For more information on the data point groups see
chapter data
point groups, basics.
Internal system states are exchanged between the computers
by default (DPEs are contained in both DP groups that are responsible
for the connection state, disk space, working memory, monitoring
of the redundant network etc.). In order to exchange project specific
data points between the both systems in split mode the existing
DP groups have to be extended.
Note
If you want to exchange data between the both
systems in the split mode the Split manager has to be entered
into the console and started. If no data has to be exchanged between
the systems the Split manager is not necessary. When creating
a new project the Split manager is entered into the console by
default and is started automatically when starting the project.
Different data sets on both systems, which have
an essential influence on the functionality and handling in the
split mode concerning the message and command direction, result
from different configurations on the test system (create/delete
data points).
Example:
Using the split mode
Switch the server, which
should normally continue to work, active in the system overview
panel (click on the Preferred
button - CAUTION: can be executed only when the error status
is the same on both computers)
Switch to the split mode
(click on the Split
mode button in the system overview panel).
NOTE
When switching to split mode and switching
the driver, the "active driver"
button is greyed out for the local UI
(on which the UI was switched)
for 30 seconds.
The driver on the system,
which continues to work, remains active (Active driver button).
Start another User Interface
with the command line option "-data hostname[:port]"
and "-event
hostname[:port]", which connects to the
test system or open the ASCII manager panel.
Change the configuration
(create/ delete data points) on the test system with the started
UI. At changes with the aid
of the ASCII Manager panel the right host name has to be shown
at the connection information in the panel so that the changes
are executed on the right computer and in the right database.
Via the button Switch
you can select the right computer (test system) where the
changes should be executed ,in the ASCII manager panel (see
also ASCII
panel). Create e.g. the data point "TestDP_split
of type "ExampleDP_Float".
Test the changed configuration
on the test system.
If the changes are satisfying
set the driver on the test system active in order to connect
the new configuration to the periphery.
Note
In order to set the driver active on the test
system the PLC has to be suited to the new configuration so that
new created DPs can be used with the PLC!
All other UIs
can be used during the whole time.
Switch again to the redundancy
mode (click on the Redundancy button).

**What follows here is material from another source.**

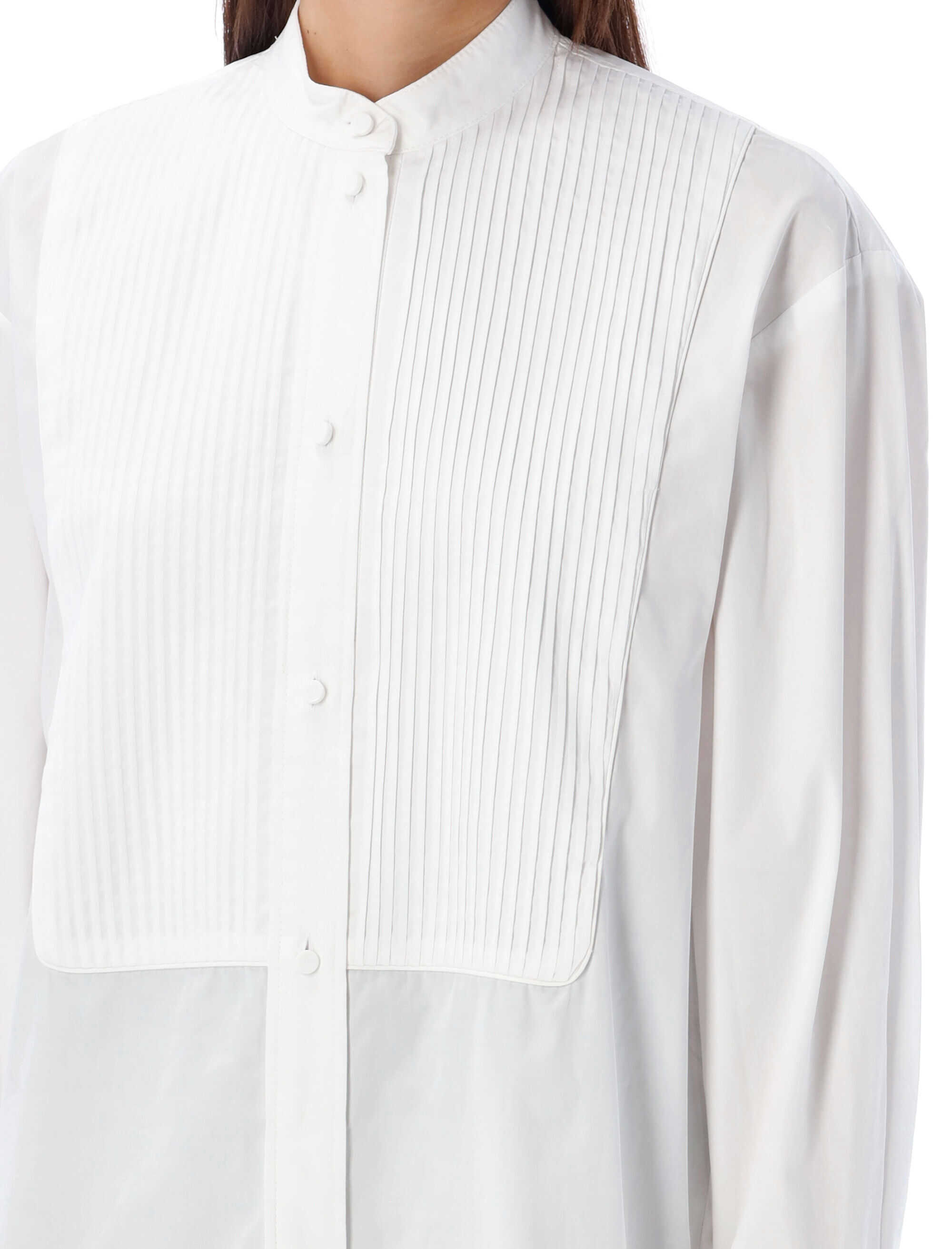 Elevate your wardrobe with the timeless elegance of the Ramsey shirt by Isabel Marant. Crafted from luxurious 100% cotton, this white shirt features a stand-up collar, pleated bib, button closure, and long sleeves with buttoned cuffs. The oversized fit and rounded hem add a contemporary twist to this classic piece. Perfect for any occasion, this shirt will effortlessly take you from day to night in style.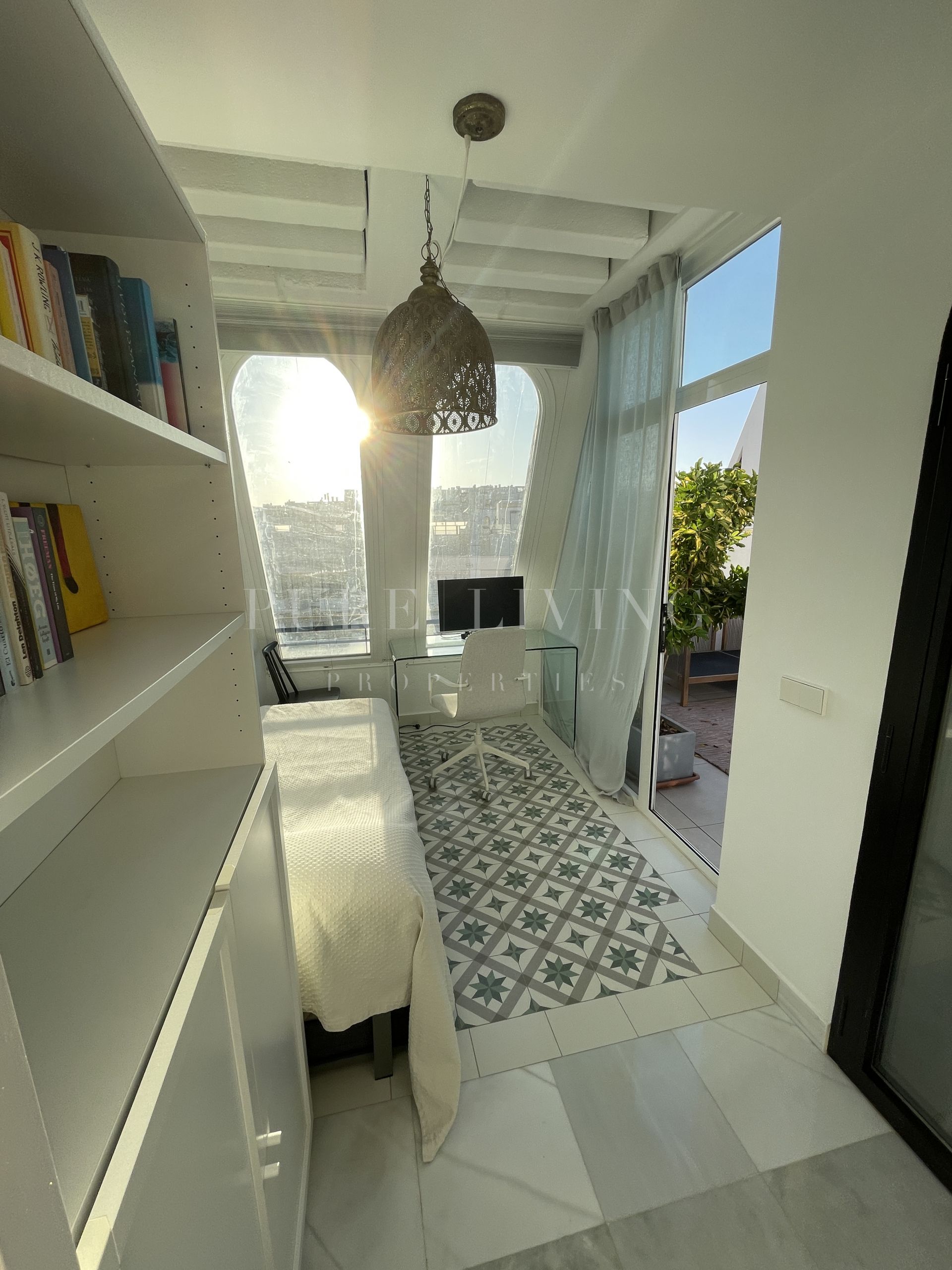 The rooftop terrace is undoubtedly the highlight of the property: a spectacular private solarium with barbecue area and panoramic sea and mountain views. In addition to the outdoor space, there is a versatile studio, ideal as an extra bedroom, office, or reading room.

As basis
for the redundancy the computer with the changed configuration
(=test system) is used, the other restarts and adopts the
new configuration via the automatic recovery when starting.
Note
The PARA module in the normal UI
(this means in the UI that was
not started with "-data hostname[:port]"
and "-event hostname[:port]")
is connected in split mode to both computers! Note that the creating/deleting
of data points with this UI is
executed on both computers. The UI
has to be switched explicit on the desired computer to make changes
(there is a context menu for the switching - see context
menu for the UIs)!
Caution
If a UI is
connected to only one Event Manager
in a redundant system in the split mode and the function isRedundant()
is called the returned value is FALSE!
When opening the system overview panel via this UI
the own redundant system is shown as single system!
Note
If the project is stopped on both hosts during
a recovery process (this means that the recovery process could
not be finished) and then redu host 1 is started, it may occur
that the Data Manager cannot start-up as possibly the RAIMA is
defect. In this case start the second host first, so that the
data on the first host can be subsequently recovered.
Note
Problems can occur when manager numbers are
assigned automatically in a redundant system! This case occurs
when you proceed as follows:
1. A UI is
started via the console (without command line options), which
connects to both computers and receives a number from the Data
Manager (Active as well as passive) (e.g. the number 1).
2. Subsequently a UI
with the options "-data
hostname[:port]" and "-event hostname[:port]"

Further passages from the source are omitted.